Last Updated on June 1, 2019, by eNotes Editorial. Word Count: 841
When Mama Day first appeared in 1988, the novel was met with mixed reviews. Some reviewers had a great respect for Naylor's ambitious book and its accomplishments, while others were simply confused. Those who liked the book commented on its power to absorb the reader in its magical world. As Rachel Hass wrote in the Boston Review, "The rhythm of the prose pulls you inside the story like a magnet." And in the Los Angeles Times, Rita Mae Brown urged, "Don't worry about finding the plot. Let the plot find you." But she also admitted, "Naylor's technique can be a confusing one to read." While Brown found this difficulty to be surmountable, leaving readers with rich rewards for their efforts, others did not.
What seemed to bother reviewers most were the novel's diversity of speakers and its mixture of realism and fantasy. Linda Simon, in the Women's Review of Books, criticized Naylor for not "opt[ing] for character development in a more realistic setting." In the end, Simon felt that too many questions were left unanswered because of the novel's reliance on magic to resolve the situation. But for Bharati Mukherjee in The New York Times Book Review, it was the sections about the magical world of Willow Springs that carried the novel. Naylor "is less proficient in making the familiar wondrous than she is making the wondrous familiar," she concluded. Overall, although some reviewers found the novel confusing, many believed that Naylor had established herself as an important author with Mama Day.
In the 1990s, the novel has received substantial attention from critics and scholars who have found it a rich and multi-layered text deserving serious analysis. Some specifically deride earlier reviewers for misunderstanding the novel. Missy Dehn Kubitschek wrote in a Melus essay, for example, that "the major reviews of Naylor's 1988 novel, Mama Day, refuse in crucial ways to grant the novel's donnée, even when they are generally positive." They do so, she argues, because they oversimplify the novel's message, seeing it as belonging to "one or another overly exclusive tradition." The wide variety of analyses of the novel, which focus on many equally important aspects of the novel, attest to Kubitschek's claim that Mama Day is a much richer text than reviewers first realized.
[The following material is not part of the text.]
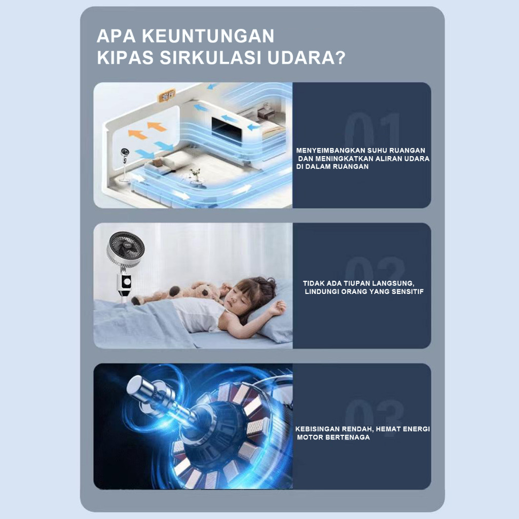 【DUAL FAN】Kipas Angin + Kipas Lantai - Auto Swing 90° & Manual Vertikal (3 Level Hemat Listrik)

Some of the most prominent interpretations of the novel focus on the use of quilting imagery, the importance of magic and hoodoo traditions, and allusions to The Tempest. Scholars such as Susan Meisenhelder, in the African American Review, and Margot Anne Kelley, in Quilt Culture, have emphasized the importance of quilting to both the form and substance of Mama Day. As Meisenhelder argued, "Naylor repeatedly stitches past, present, and future together," and “Mama Day is … a complex narrative quilt of distinct voices." This structure of the novel as quilt helps reinforce the novel's message for Meisenhelder, which she interpreted as the "failure to see 'the whole picture,' to see history, community, and relationships between men and women as quilts, dooms black people to the madness and suicide characterizing white tragedies."
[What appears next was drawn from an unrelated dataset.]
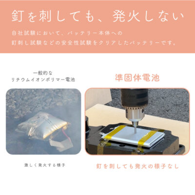 また、発火しにくい安全な準固体モバイルバッテリーだからこそ

Others have seen the use of magic as the defining aspect of the novel, including Elizabeth T. Hayes, who argued in The Critical Response to Gloria Naylor that "the magical is as quotidian in Mama Day as peach pie," making the novel a prime example of "magic realism." Hayes also linked this approach to African-American culture, as do other critics like Lindsey Tucker, who explicated in her article for the African American Review the importance of conjure women such as Mama Day to Southern black folk culture, and Helen Fiddyment Levy, who in her book Fiction of the Home saw Naylor's use of magic and myth as powerful themes linking her characters to the African-American community.
Finally, many scholars have seen many direct connections between Mama Day and works by Shakespeare. Peter Erickson argued in his book Rewriting Shakespeare, Rewriting Ourselves that Naylor revises Shakespeare, questioning the importance of the white literary tradition he represents and elevating the black folk tradition represented by the community of Willow Springs. As he and other critics, including Kubitschek, have pointed out, Naylor specifically engages The Tempest by making Willow Springs an island community that appears on no map, naming her protagonist Miranda, and having a hurricane descend upon the island at the novel's climax. But Naylor revises Shakespeare's play, as Erickson argued, by "rewrit[ing] the exchange between Prospero and Caliban concerning ownership," giving the slave descendants ownership of the island, and by making Miranda (Mama Day) a wise old woman with divine gifts and matriarchal power, as opposed to the innocent daughter of The Tempest. Miranda, in effect, becomes the Prospero figure, with a significant difference: she does not abuse her power.
Some critics also point to links between Mama Day and Hamlet and King Lear. In addition to these main interpretive approaches to Mama Day, there are still many others, most notably emphasizing black sisterhood, motherhood, and generational heritage in the novel. Overall, the criticism of Mama Day exhibits the text's many interpretive possibilities.